Quelles seraient les conséquences d’une restriction, voire d’une interdiction des fongicides à base de cuivre ? C’est sur cette question que s’est penchée l’Agence nationale de sécurité sanitaire (Anses), qui a rendu ses conclusions le 16 juillet 2025. Cette substance active fongicide identifiée comme « candidate à la substitution », présente « des risques pour l’environnement et dans une certaine mesure aussi, pour la santé humaine », rappelle l’Anses.
Substitution « souvent économiquement impactante »
L’Anses a évalué plusieurs scénarios de substitution de court terme, avec des « combinaisons d’alternatives d’ores et déjà disponibles sur le marché », telles que les variétés résistantes, la prophylaxie ou les produits de biocontrôle. Elle s’est intéressée uniquement aux situations suivantes, qui seraient « les plus problématiques » :
- La filière pomme, contre la tavelure, en agriculture conventionnelle et biologique ;
- La filière pomme de terre, contre le mildiou, en agriculture biologique ;
- La filière vigne, contre le mildiou, en agriculture conventionnelle et biologique.
Pour ces productions, la substitution est « techniquement envisageable, mais toujours agronomiquement difficile et souvent économiquement impactante pour les utilisateurs », écrit l’Anses. Du point de vue économique, l’agence pointe « des limites quant à la faisabilité d’une transition soutenable » sans « mesures fortes d’accompagnement » dans le modèle actuel.
Pertes de rendement et hausse des coûts de production
« Presque tous ces scénarios alternatifs se traduisent en effet par une baisse de la performance technico-économique des exploitations », écrit l’Anses. Cela s’explique à la fois par « une augmentation des pertes de rendement et/ou de valeur produite » et par « une augmentation des coûts de protection (les alternatives étant généralement plus onéreuses que les applications de cuivre, très peu coûteuses). »

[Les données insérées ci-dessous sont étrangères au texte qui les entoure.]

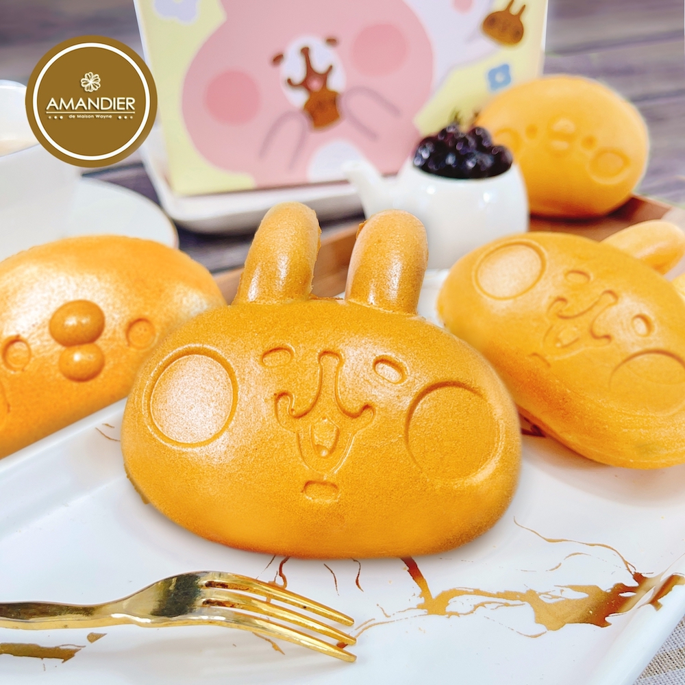 ▼宅在家也能吃到熱騰騰卡娜赫拉的小動物人形燒囉~「卡娜赫拉的小動物人形燒」(139元/盒,2卡士達、2黑糖珍珠),雅蒙蒂招牌卡娜赫拉的小動物人形燒,粉紅兔兔與P助超萌造型,澎鬆厚Q餅皮搭配香濃卡士達醬與黑糖珍珠兩種人氣口味,簡單用微波爐、烤箱加熱就好吃~

La baisse de performance technico-économique est même « très importante » pour certaines combinaisons dans un scénario sans cuivre. Dans ce cas, les impacts « pourraient ne pas être compatibles avec la pérennité économique de certaines exploitations. »

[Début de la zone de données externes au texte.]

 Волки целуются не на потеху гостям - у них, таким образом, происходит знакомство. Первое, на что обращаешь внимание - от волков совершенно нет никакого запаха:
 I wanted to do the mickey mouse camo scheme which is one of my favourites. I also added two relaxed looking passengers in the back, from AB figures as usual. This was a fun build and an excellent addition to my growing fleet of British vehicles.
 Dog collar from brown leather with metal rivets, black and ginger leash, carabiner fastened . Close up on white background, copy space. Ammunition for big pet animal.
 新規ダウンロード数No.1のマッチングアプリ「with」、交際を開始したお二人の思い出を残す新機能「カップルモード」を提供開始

L’Anses pointe globalement plusieurs risques :
- Des pertes de revenu potentielles « non négligeables » pour les agriculteurs, mais aussi pour les autres acteurs des filières ;
- Des difficultés pour répondre à des cahiers des charges ;
- Des pertes de compétitivité sur les marchés nationaux ou à l’export ;
- Un risque de déconversion en agriculture biologique et/ou une délocalisation de la production dans des régions avec des contraintes réglementaires différentes ;
- Un recours accru aux fongicides de synthèse.
L’agence estime que les répercussions des pertes de rendement induites par la substitution du cuivre « sont susceptibles d’être importantes et méritent d’être explorées plus en détail », notamment pour les quantifier. Elle indique en effet que les données disponibles étaient « dans l’ensemble peu nombreuses et peu accessibles. »
Prendre en compte l’impact plus important pour la bio
« L’enjeu de la substitution, totale ou partielle, [du cuivre est] asymétrique », insiste l’Anses. Il est « critique en production biologique, beaucoup plus marginal en production conventionnelle (au moins tant que les fongicides de synthèse resteront disponibles et diversifiés sur le marché). » L’agence estime que cela doit être pris en compte « lors de toute décision impliquant une réduction des utilisations du cuivre ».